In those homebuyers' defense, elite economists were saying the same thing. "[I]t is hard to say that the housing market is anything but robust," Roger Ferguson, a Fed governor, said at the same 2005 meeting.
Earlier that year, during its June meeting, the Fed heard evidence that the market could be overvalued by as much as one-fifth, and Stockton's presentation to Greenspan and the FOMC cited evidence other than cable shows that the housing market was overheated.
"[R]eports of cooling in the housing markets seem to me to be more frequent and more widespread than was the case six months ago," Stockton said. "As we noted in yesterday's Board briefing, a variety of indicators of housing activity have turned down in recent months. Household attitudes toward home buying have dropped sharply; builder ratings of new home sales have deteriorated; the index of mortgage applications for home purchase has fallen off; and the inventory of unsold homes has moved up. Taken in isolation, none of these measures has an especially reliable statistical relationship to housing activity.
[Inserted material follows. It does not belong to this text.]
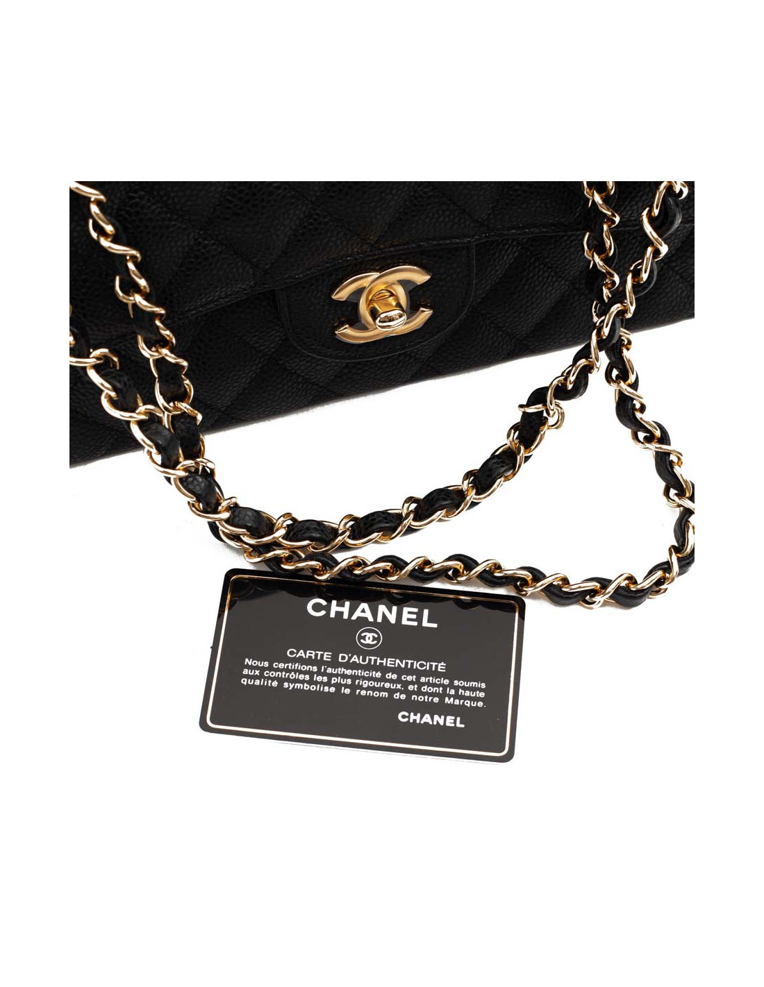 Iconique CHANEL sac à main Timeless noir, en détail :

But taken together, they could be indicating that we are at the front edge of some cooling in these markets."
Dean Baker, an economist who had spotted the housing bubble long before the Discovery Channel did, said that the wrong people have lost their jobs as a result of the Fed policy's failure. "It's amazing that it somehow never occurred to him/her that house prices would actually fall," he said in response to the "Flip That House" comment. "They should be fired for not recognizing this possibility and its implication."
Stockton is still at the Federal Reserve, where he serves as the division director for research and statistics. He did not return a request for comment.